The Most Dangerous Leadership Weakness
Dangerous leadership weaknesses include:
- Lack of self-awareness.
- Listening to brown nosers.
- Pointing out problems without celebrating progress.
- Closed ears and opened mouths.
- People pleasing.
All strengths have corresponding weaknesses. Good with people often means bad organizational skills, for example.
The law of equilibrium: Extraordinary always includes extra-lousy.
The better you are in on area, the more you suck in another. People with average talent have average weaknesses; extraordinary talent has extraordinary weakness.
The more able in one area – the more unable in another.
Embrace weakness like you exalt strengths. Until you do, you’re dangerous.
The most dangerous leaders believe they can when they can’t. Put gently, its ego; bluntly, its arrogance. Additionally, egotistical leaders justify weaknesses with strengths. “I’m getting results so chill out,” they say.
People who think they can, when they can’t, don’t listen. You can’t teach someone who already knows. Leaders who justify weaknesses, don’t care about their weaknesses.
Nothing short of a butt kicking gets through. But, kick an arrogant person and they kick back. When they have power, it’s dangerous.
There’s no hope until the door to frailty, weakness, and inability swings open. Only you can open that door.
You can’t move forward until you know you fall short.
The real issue is you aren’t wrong and can’t be weak, at least that’s what you think.
Solutions begin with you.
In your head start saying, “I could be wrong.” If you prefer, ask, “What if I’m wrong?”
Keep moving forward but include self-questioning on the way.
After you get comfortable with saying, “I could be wrong,” start saying, “They could be right.” Or, ask yourself, “What if they are right?”
Leaders and organizations grow stronger when they acknowledge and deal with weaknesses.
How can leaders become better at knowing their weaknesses?
What advantages come to leaders who embrace their weaknesses?
Whoa, very profound, Dan. I realize that there are a lot of people who don’t realize their own weaknesses or they overestimate themselves (which isn’t always bad.) This makes me wonder if there’s anything about myself that I am missing.
Honestly, I think there are many things that I subconsciously miss and deny. I do embrace the weaknesses I’m aware of and use them to my advantage. Either that, or I work to improve them. I know it’s common for people to advise ignoring our weaknesses and emphasize our strengths, but I believe in working on our weaknesses just as much. The hard part is identifying them.
I’m a big fan of the strength-based leadership movement. I don’t think it means ignoring our weaknesses. I think it means minimizing, compensating, and where they are detrimental, developing them.

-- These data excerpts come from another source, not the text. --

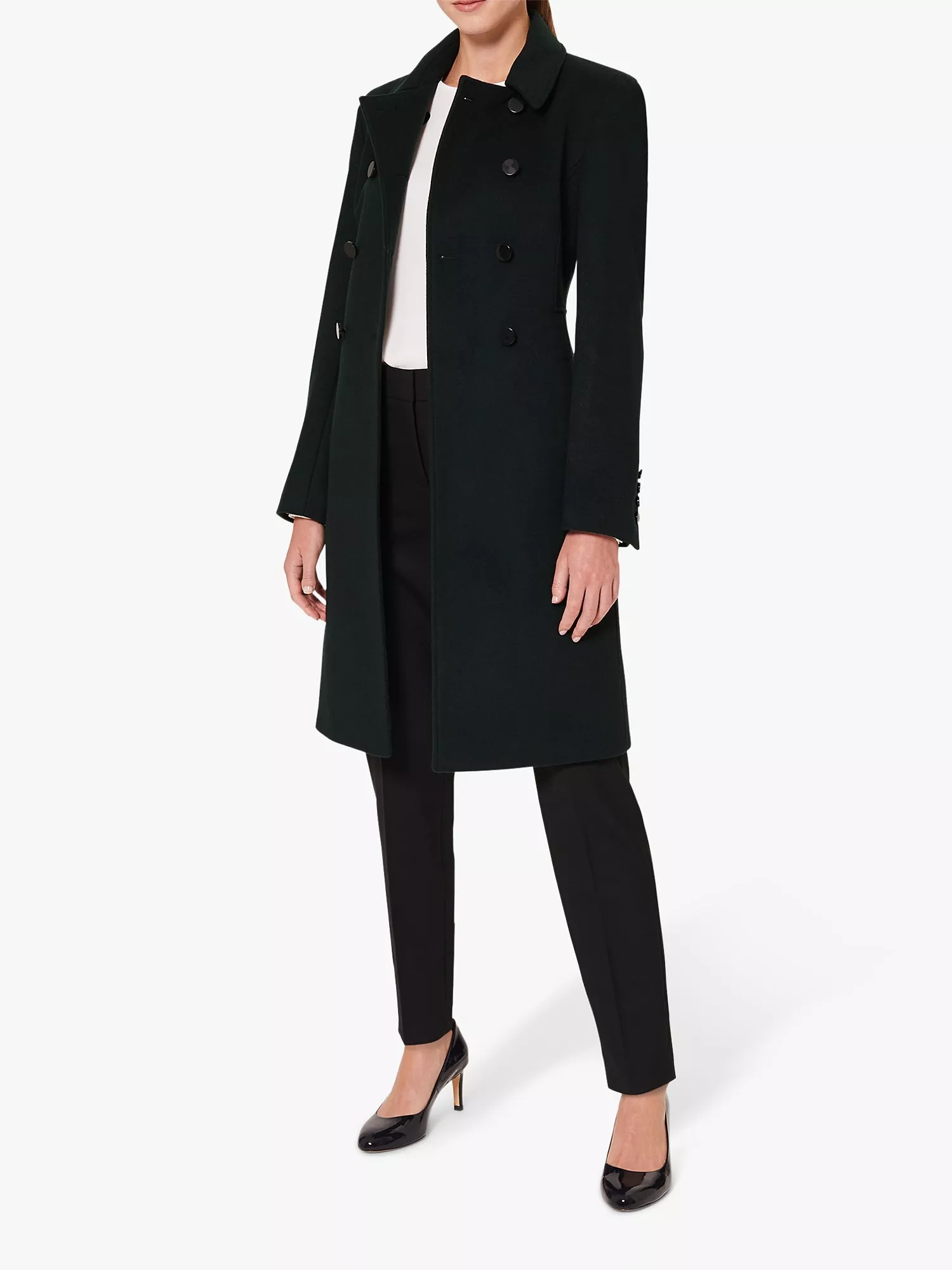 Crafted from premium Italian fabric with a touch of cashmere and cut to a double-breasted silhouette with an A-line skirt, the metal rim buttons add the finishing touch. Perfectly proportioned for those who are 5'3" and under, the Hobbs petite garments are skilfully designed to fit and flatter a smaller frame.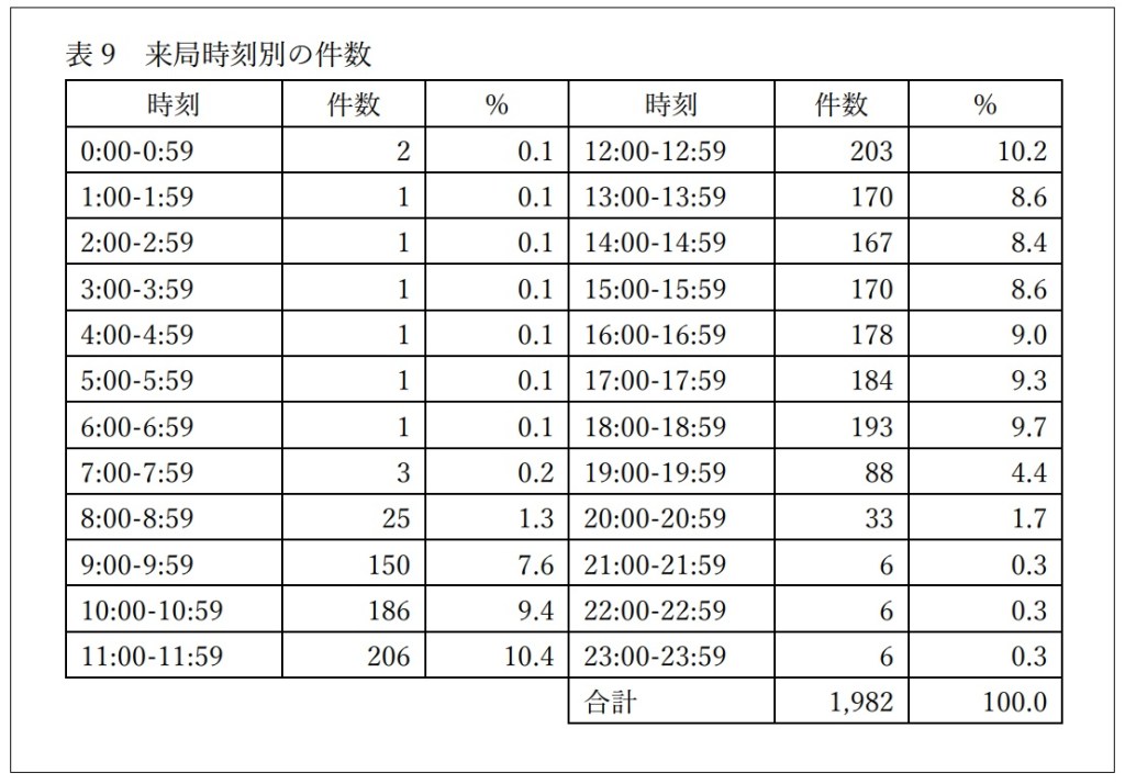「来局時刻別の ID 件数」という項目があり、どの時間帯に来局したのかが報告されています。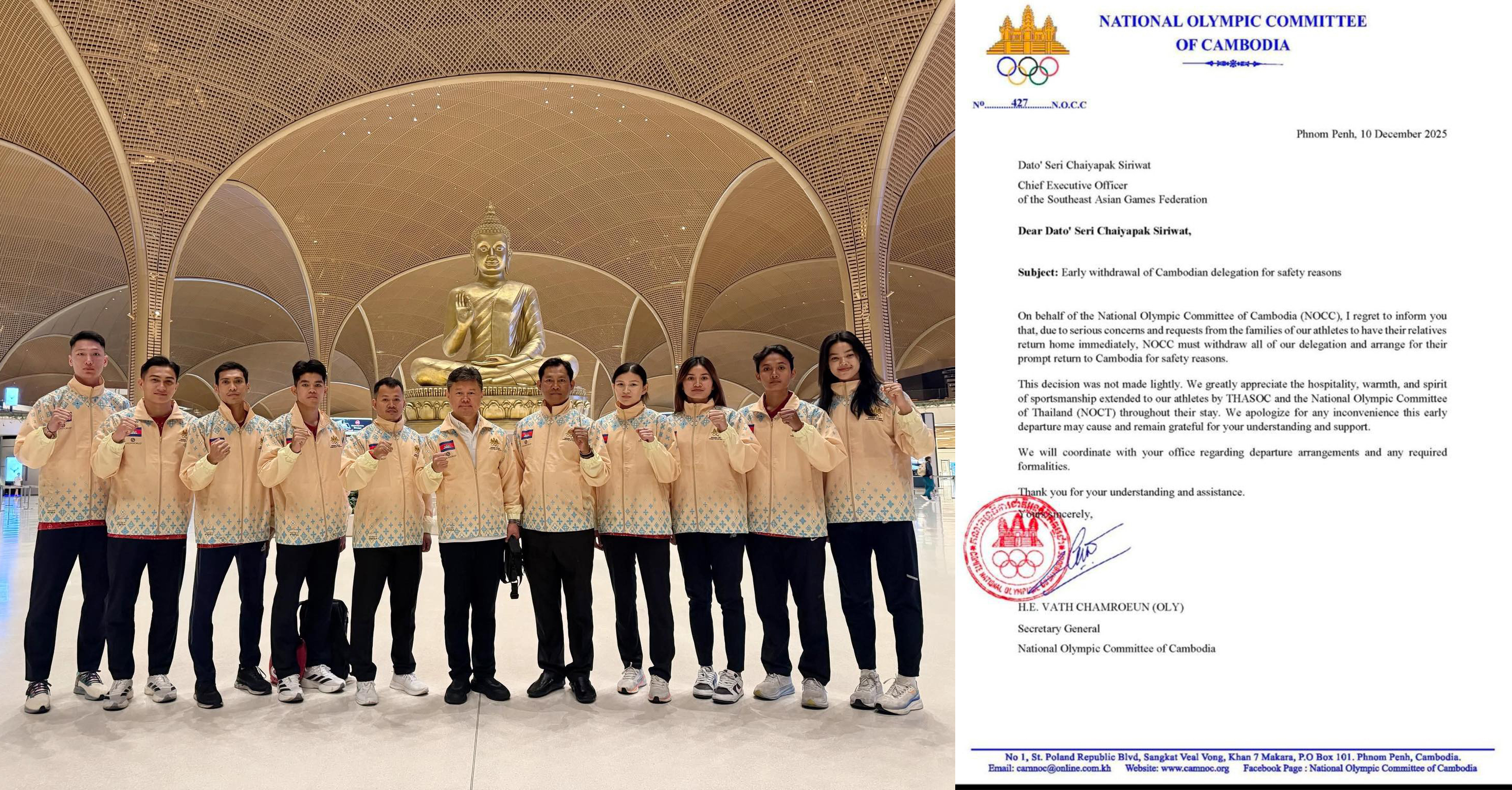 캄보디아 국가올림픽위원회(NOCC)가 태국에서 개최 중인 SEA Games에 참가한 캄보디아 선수단을 조기 귀국시키기로 결정하고 공식 통보문을 12월 10일자 발송했다. 이번 조치는 최근 캄보디아-태국 국경 충돌로 인한 안전 우려가 제기되면서 선수 가족들의 요청이 이어진 데 따른 것으로 알려졌다.

The fact that you are wondering if you do this is hopeful and healthy. People who don’t wonder about this problem have bigger problems.
I agree Vincent. Sometimes over-estimating ourselves enables us to stretch for bigger goals, rather than be held back by fear of failure.
Interesting balance dance between over-estimating and arrogance… hmmm?
The best way to become better at knowing your weaknesses is to keep people close to you who will be honest, and more importantly that you will listen to. If you cannot listen or hear, you will not learn or grow.
Embracing your weaknesses is actually freeing. You are sure of yourself, you know what you do well / and what you don’t, and you can let go enough to let other people shine.
I definitely agree, Martina. I always tell my close friends I value brutal honesty and I need for them to be honest so I can grow. Most people are rather hesitant because they don’t want to hurt feelings.
Once again your experience and insight shine.
If we have people around us who tell us the truth, we are most fortunate, as long as we listen.
Love that you add the freeing part… beautiful. I’ll add another word…it’s less stressful.
Quite right Martina.
Acknowledging what you’re not good at, and recognising that for someone else it’s a strength, enables you to utilise the power of the team.
Some of the most seemingly arrogant people are perhaps the most insecure. It takes courage to say, “You’re right, I’m wrong”. And yes, there are some people who consider that courage a sign of weakness, but I believe most people respect the courage that comes with honesty.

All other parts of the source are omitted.